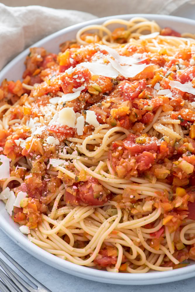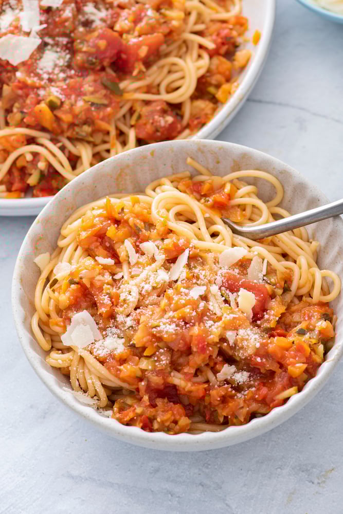 If you’re looking for more satisfying vegetarian pasta recipes, try out some of my favorites like Pasta Primavera, Wild Mushroom Pasta, Vegetarian Skillet Lasagna and Spaghetti Squash Marinara. In fact, you could top your spaghetti squash with this veggie bolognese sauce and have even more vegetables for dinner!
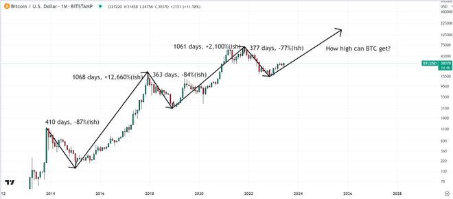 如果比特币 2021 年 11 月(历史高点左右)到 2022 年 11 月(2022 年低点左右)的熊市已经结束,那么我们现在可能会进入新的大约三年的牛市大约六个月。
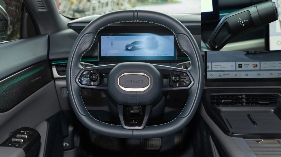 三輻方向盤(pán)與領(lǐng)克08相同,上半環(huán)較大,便于觀看儀表屏。真皮材質(zhì)觸感舒適飽滿,尺寸合適。兩側(cè)皮面增加打孔,內(nèi)襯有縫線。橫輻上的多功能控制區(qū)按鍵,增加4向按鍵,用起來(lái)比較順手,左側(cè)控制L2級(jí)駕駛輔助系統(tǒng),將語(yǔ)音按鍵布置在下方條幅,也很特別。右后方布置了懷擋式電子擋位,可實(shí)現(xiàn)無(wú)感式上車。
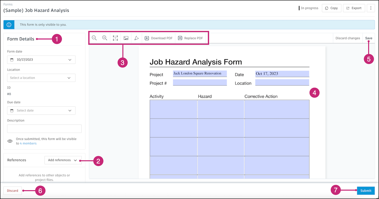 To delete an In Progress form, click Discard.
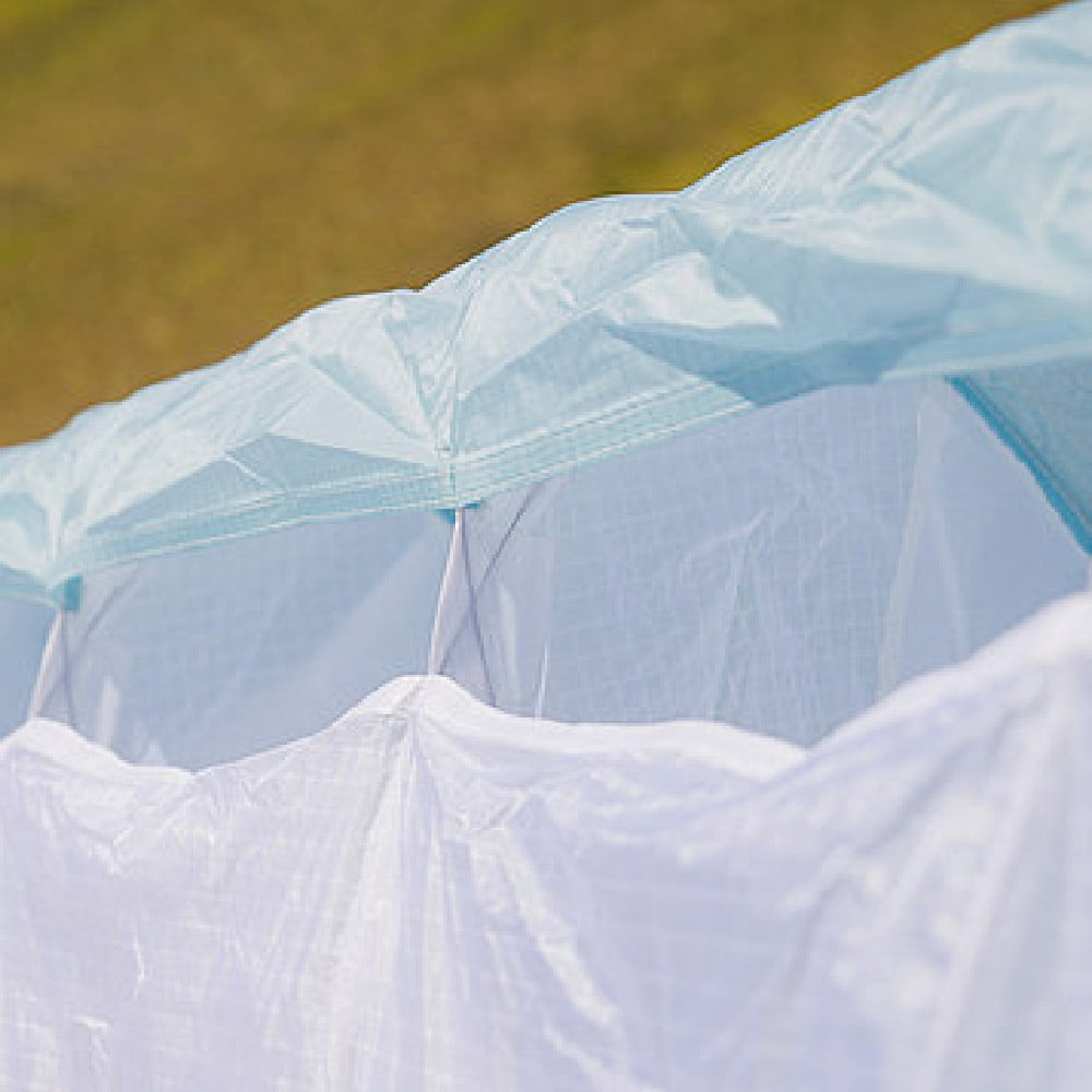 Flat profile nose. Anyone who tries to fold a piece of paper around a ball will notice that there are always creases. The nose profile of a paraglider is the same - the sail cloth has to adjust to both the profile and ballooning effect (cells are round, not straight). Double 3D Shaping uses additional seams to reduce creasing and therefore increases the performance of the wing.
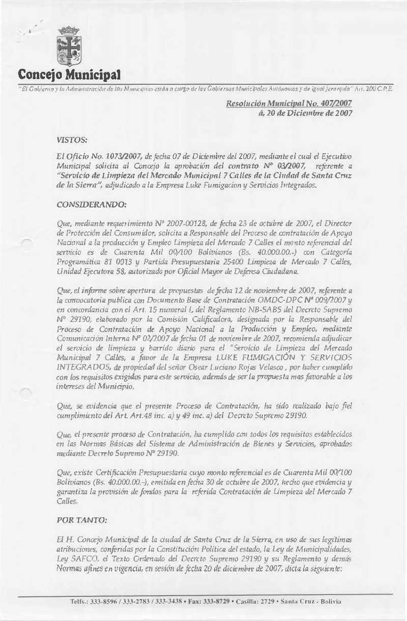 Aprueba el Contrato Nº 03/2007, referente a “Servicio de Limpieza del Mercado Municipal 7 Calles de la Ciudad de Santa Cruz de la Sierra”, adjudicado a la Empresa “Luke Fumigación y Servicios Integrados”, por el preció total de Bs. 36.000.00 (Treinta y Seis Mil 00/100 Bolivianos).
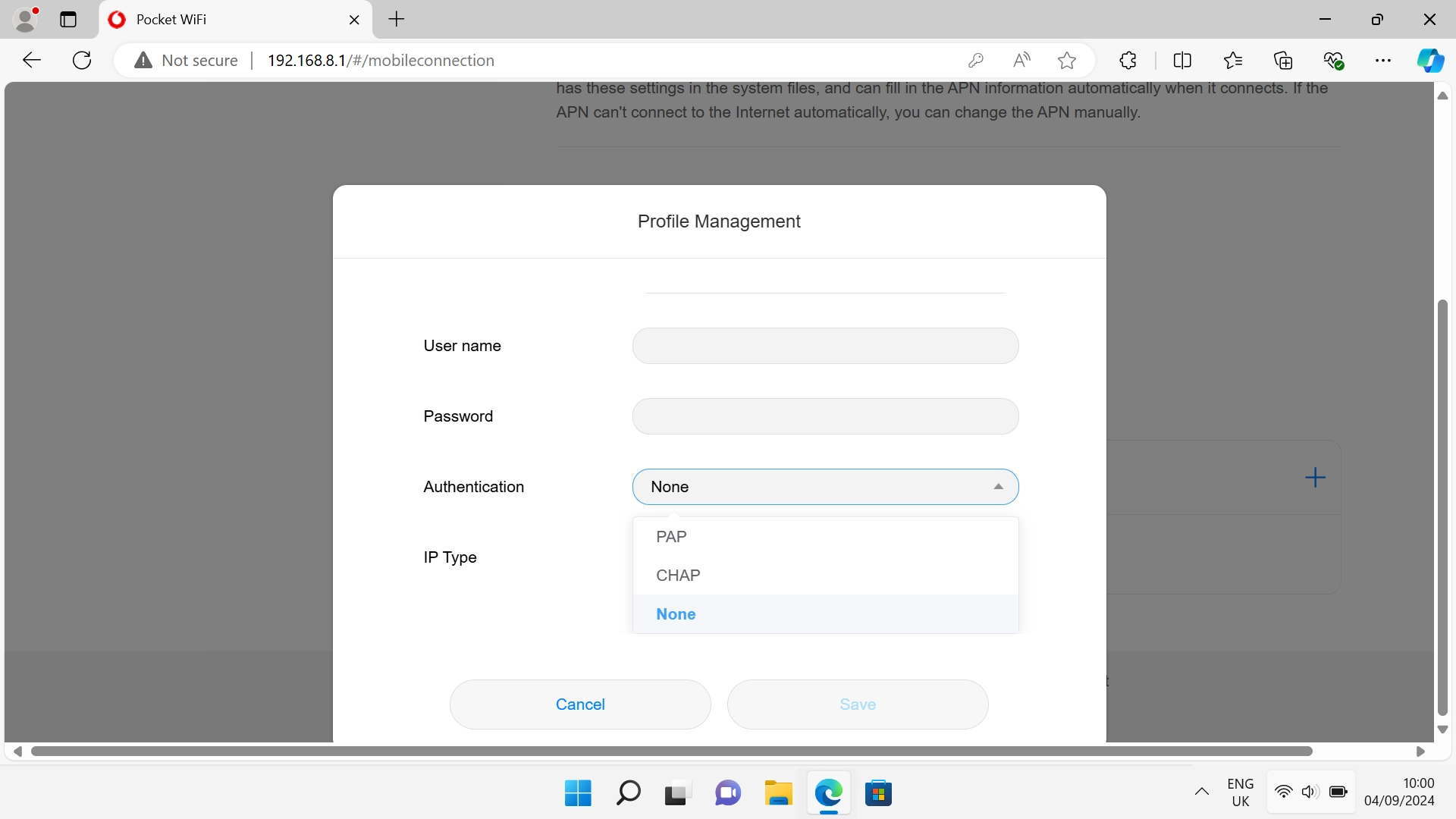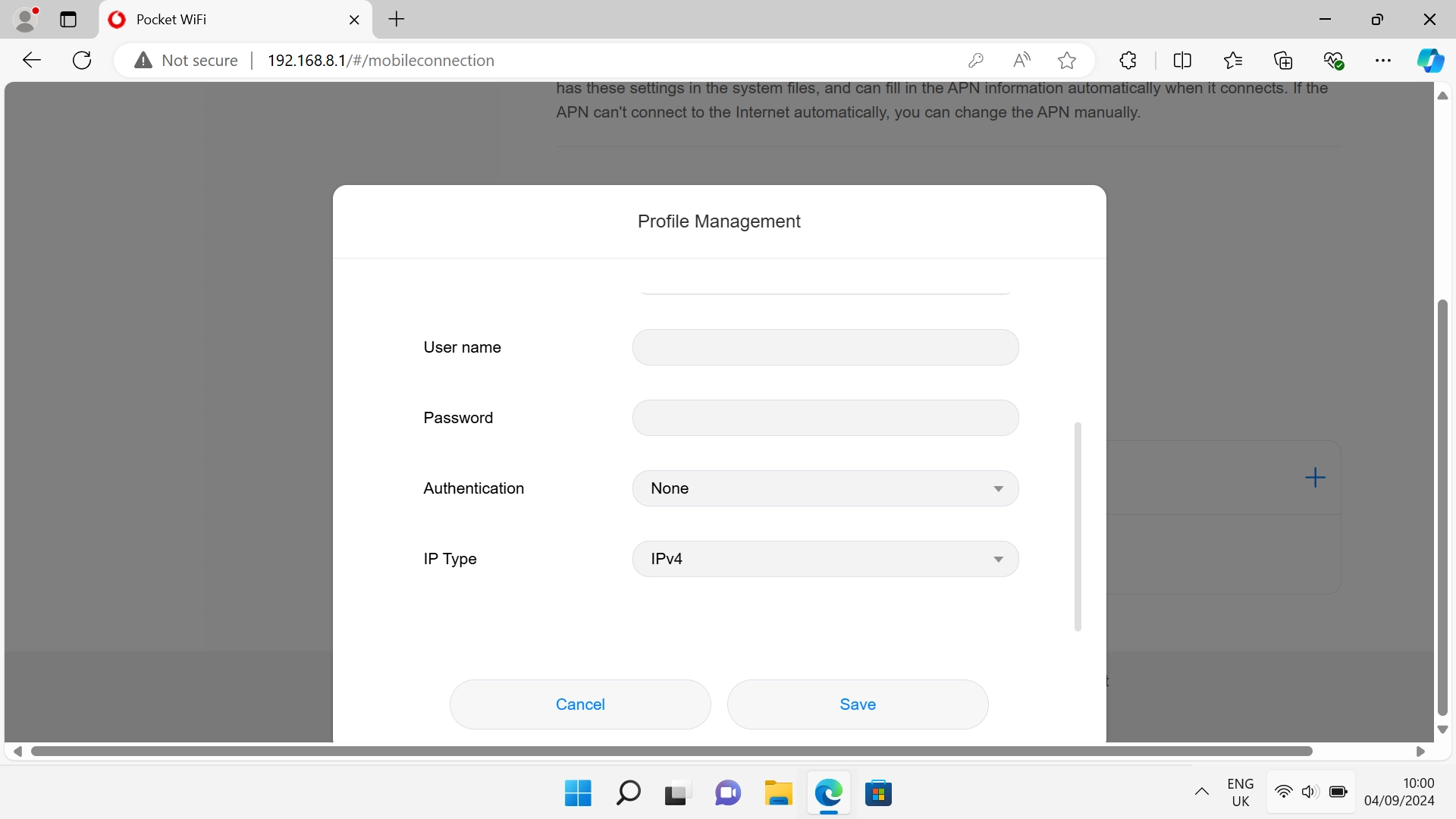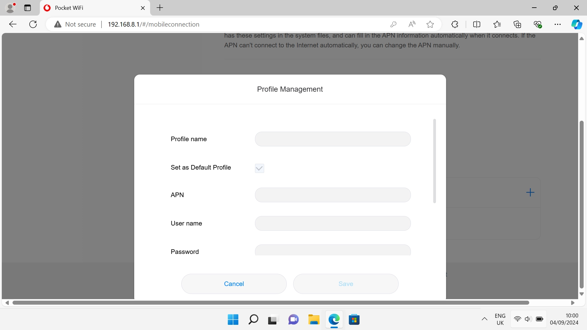 I can't use the internet connection on my Vodafone Pocket WiFi 4 4G Windows 11
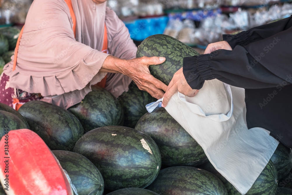 Close up of seller's hand putting watermelon into white reusable cloth or fabric bag at shop.
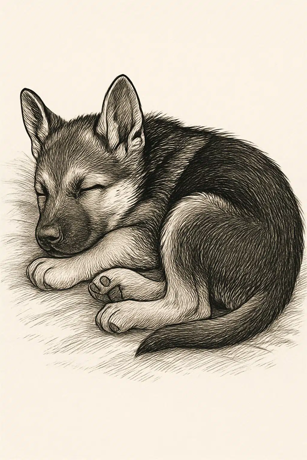 The sleeping German Shepherd pup coloring page captures the dog in a calm and restful pose. It shows the pup lying down peacefully, which helps create a soothing image for coloring.
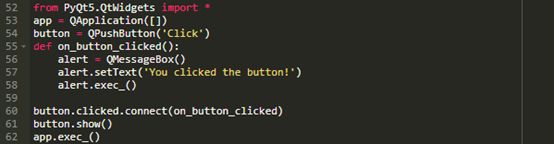 Qt使用一种称为信号的机制,让你对诸如用户单击按钮之类的事件作出反应。下面的例子说明了这一点。它包含一个按钮,被点击时,它会显示一个消息框:
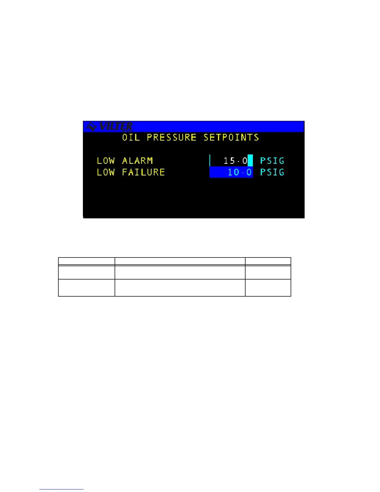 The OIL PRESSURE SETPOINTS screen allows the operator to set acceptable ranges for the oil pressure
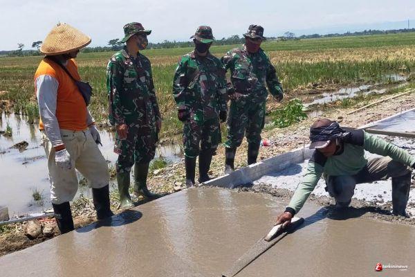 Kepala Staf Kodim (Kasdim) 0715/Kendal Mayor Inf Sukamto di dampingi Danramil 05/cepiring Kapten Cpl Esti meninjau sasaran fisik pengecoran jalan di Desa Sendang Kulon Kec Kangkung,Kabupaten Kendal.

== Task details ==
Retype the entries verbatim and drop the pictures.

== Answer space ==
 If you’re looking for more satisfying vegetarian pasta recipes, try out some of my favorites like Pasta Primavera, Wild Mushroom Pasta, Vegetarian Skillet Lasagna and Spaghetti Squash Marinara. In fact, you could top your spaghetti squash with this veggie bolognese sauce and have even more vegetables for dinner!
 如果比特币 2021 年 11 月(历史高点左右)到 2022 年 11 月(2022 年低点左右)的熊市已经结束,那么我们现在可能会进入新的大约三年的牛市大约六个月。
 三輻方向盤(pán)與領(lǐng)克08相同,上半環(huán)較大,便于觀看儀表屏。真皮材質(zhì)觸感舒適飽滿,尺寸合適。兩側(cè)皮面增加打孔,內(nèi)襯有縫線。橫輻上的多功能控制區(qū)按鍵,增加4向按鍵,用起來(lái)比較順手,左側(cè)控制L2級(jí)駕駛輔助系統(tǒng),將語(yǔ)音按鍵布置在下方條幅,也很特別。右后方布置了懷擋式電子擋位,可實(shí)現(xiàn)無(wú)感式上車。
 To delete an In Progress form, click Discard.
 Flat profile nose. Anyone who tries to fold a piece of paper around a ball will notice that there are always creases. The nose profile of a paraglider is the same - the sail cloth has to adjust to both the profile and ballooning effect (cells are round, not straight). Double 3D Shaping uses additional seams to reduce creasing and therefore increases the performance of the wing.
 Aprueba el Contrato Nº 03/2007, referente a “Servicio de Limpieza del Mercado Municipal 7 Calles de la Ciudad de Santa Cruz de la Sierra”, adjudicado a la Empresa “Luke Fumigación y Servicios Integrados”, por el preció total de Bs. 36.000.00 (Treinta y Seis Mil 00/100 Bolivianos).
 I can't use the internet connection on my Vodafone Pocket WiFi 4 4G Windows 11
 Close up of seller's hand putting watermelon into white reusable cloth or fabric bag at shop.
 The sleeping German Shepherd pup coloring page captures the dog in a calm and restful pose. It shows the pup lying down peacefully, which helps create a soothing image for coloring.
 Qt使用一种称为信号的机制,让你对诸如用户单击按钮之类的事件作出反应。下面的例子说明了这一点。它包含一个按钮,被点击时,它会显示一个消息框:
 The OIL PRESSURE SETPOINTS screen allows the operator to set acceptable ranges for the oil pressure
 Kepala Staf Kodim (Kasdim) 0715/Kendal Mayor Inf Sukamto di dampingi Danramil 05/cepiring Kapten Cpl Esti meninjau sasaran fisik pengecoran jalan di Desa Sendang Kulon Kec Kangkung,Kabupaten Kendal.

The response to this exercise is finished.